Two bottles, one filled with tap water and the other 10% alcohol (ethanol; v/v), were placed on subjects' cages for 2 weeks before viral infusion. Intake of alcohol and water, as well as body weights, were measured daily, and the left–right position of the bottles was alternated daily to avoid side bias. Five days after viral infusion, rats were again allowed access to 10% alcohol and water for 30 d. To determine whether the alterations in drinking were alcohol specific, a two-bottle preference test comparing 2% sucrose (w/v) and water was conducted in separate rats, as described for alcohol.

Two-bottle preference test (limited access paradigm).

To test the role of the α4βδ GABAAR under conditions likely to induce high intakes, along with corresponding higher blood alcohol levels, a separate group of rats was given limited alchol access for 1 h/d for 21 d following 2 weeks of 24 h ad libitum access (as described above). Intake of alcohol and water, as well as body weights, were measured before and after 1 h access every day, and the left–right position of the bottles was alternated daily to avoid side bias. Five days after viral infusion, rats were again allowed access to 10% alcohol (1 h) and water for 30 d.

Immunohistochemistry.

Vibratome cut sections (50 μm) of fixed tissue were subjected to immunohistochemistry as described (Kharazia et al., 2003). Primary antibodies used were rabbit anti-GFP polyclonal antibody (1:10,000, Abcam) and anti-GFAP (1:1000, Promega). Secondary antibodies for immunofluorescence were donkey anti-rabbit or anti-mouse antibodies (1:300, Jackson ImmunoResearch). Images were acquired using a Zeiss confocal microscope and visualized using LSM software.

Western blot analysis.

Samples were separated by 4–12% SDS-PAGE (Bis-Tris Gel system; Invitrogen) and transferred onto a nitrocellulose membrane (Millipore). The membrane was blocked in milk solution (5% milk in PBS containing 0.05% Tween 20), and incubated with specific primary antibodies and then with horseradish peroxidase-conjugated secondary antibodies. The primary antibodies used were anti-α4 antibody (1:500, Novus), anti-α1 antibody (1:500, Phosphosolutions), anti-β2/3 antibody (1:500, Millipore), anti-γ2 antibody (1:500, Alpha Diagnostics), anti-δ antibody (Santa-Cruz Biotechnology), and anti-actin antibodies (1:1000, Santa Cruz Biotechnology). Actin immunoreactivity was used as an internal control. Immunoreactivity was detected by enhanced chemiluminescent reaction and processed using the Typhoon PhosphorImager (Amersham Biosciences). Results were quantified with ImageQuant 5.0 (Amersham Biosciences).
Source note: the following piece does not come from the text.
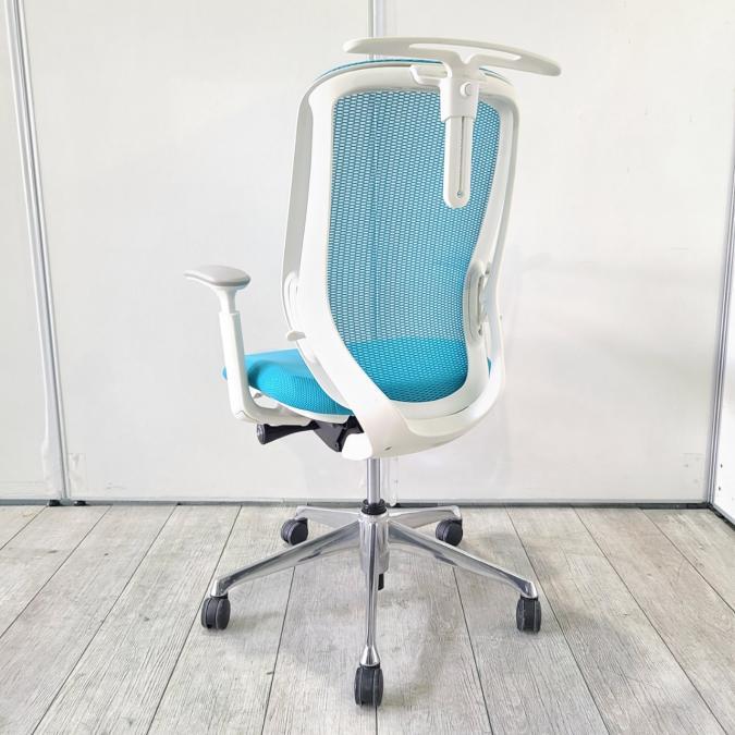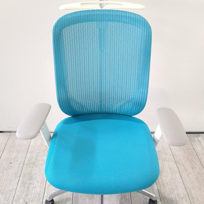 《現物写真だから安心!》オカムラ製の人気オフィスチェア【シルフィーメッシュ/可動肘/ヘッドレスト付き/ブルーグリーン】が先着1名様ご案内可能です!
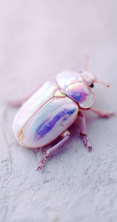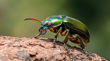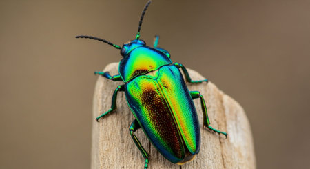 An iridescent beetle displays a vibrant array of colors across its shell, set against a soft, out-of-focus backdrop. The close-up shot highlights the insect's detailed legs and antennae. Suitable for scientific illustrations, nature articles, or designs related to biodiversity, this image captures the beauty of nature.

TaqMan quantitative reverse transcriptase PCR.

Rats infused with Ad-NSS or Ad-shα4-1 were killed at 5, 10, 18, or 25 d after viral infusion (n = 2–3 per treatment, per time point). Tissue punches from the NAc were collected and processed for measuring GABAAR α4, α1, β2, γ2, or δ mRNA levels by TaqMan quantitative PCR using primer/probe kits (Applied Biosystems) with GAPDH as an internal control.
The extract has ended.